İŞ KAZALARINDA AVRUPA BİRİNCİSİYİZ

Türkiye, çalışan başına ölümlü iş kazalarında Avrupa’da birinci durumda. İş güvenliği yasasıyla denetimler sıklaştı fakat istenilen düzeyde değil. Bu durumu İş Sağlığı ve Güvenliği Uzmanı Nihan Bağdatlı ile konuştuk


  • Oluşturulma Tarihi : 16.11.2015 08:40
  • Güncelleme Tarihi : 16.11.2015 08:40
  • Kaynak : HABER MERKEZİ
İŞ KAZALARINDA AVRUPA BİRİNCİSİYİZ

EMİRCAN IŞILDAK

İş kazaları ve işçi ölümleri ülkemizin en büyük sorunlarından biri olarak duruyor. Bu konudaki istatistikler Türkiye’nin durumunu gözler önüne seriyor. Ülkemiz, çalışan başına ölümlü iş kazalarında Avrupa’da ilk sırada. Her yıl ortalama 2 milyon 300 bin insanın iş kazasıyla hayatını kaybettiği dünya genelinde ise üçüncü basamakta yer alıyoruz.

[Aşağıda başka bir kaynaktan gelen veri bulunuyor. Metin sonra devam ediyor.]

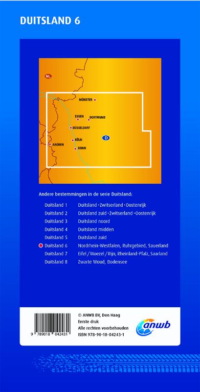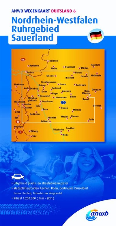 ANWB Wegenkaart Nordrhein-Westfalen, Ruhrgebied, Sauerland Met de gedetailleerde en nauwkeurige ANWB Wegenkaart Duitsland 6: Nordrhein-Westfalen, Ruhrgebied, Sauerland op schaal 1:200.000 (1 cm = 2 km), ga je goed voorbereid op autovakantie. De kaart bevat een uitgebreid plaats- en straatnamenregister en stadsplattegronden van Aachen, Bonn, Dortmund, Düsseldorf, Essen, Keulen, Münster en Wuppertal. In de legenda vind je uitgebreide toeristische informatie. De compacte wegenkaart is gemaakt van een stevig, duurzaam materiaal, waardoor hij veelvuldig kan worden in- en uitgevouwen. De ANWB Wegenkaart is al jaren de best verkochte wegenkaart in Nederland. Met meer dan 65 kaarten is er een kaart voor bijna elke bestemming.Reviews

Soma ve Ermenek’teki maden ocaklarında meydana gelen facialarla zirve yapan bu durumu, çıkarılan yasaların işleyişini ve denetimleri, İzmir İş Sağlığı ve Güvenliği Eğitim Merkezi’nden Uzman Nihan Bağdatlı ile ele aldık.

Türkiye’deki iş kazası istatistiklerini nasıl yorumluyorsunuz?

Ülkemiz oransal olarak iş kazaları ve işçi ölümlerinde en üst sıralarda yer alıyor. İstatiksel olarak çok kötü bir durumdayız. Kazaların en çok gerçekleştiği ülkelerden birisiyiz. Bunu azaltmak amacıyla, 2005 yılından bu yana uzmanlıkla ilgili çalışmalar yapılıyor. Ancak gün geçtikçe kazaların arttığını görüyoruz. Bunun nedeni de özel şirketlerin güvenlik uzmanlığını önemsemiyor olmalarıdır. Şirketler yalnızca imza yetkisini kullandırarak, iş güvenliği uzmanlarına işlerini yaptırmak istiyorlar. Bu durumda hedeflenen yerden gittikçe uzaklaşıyoruz. Öngördüğümüz sonuçlara ulaşamıyoruz.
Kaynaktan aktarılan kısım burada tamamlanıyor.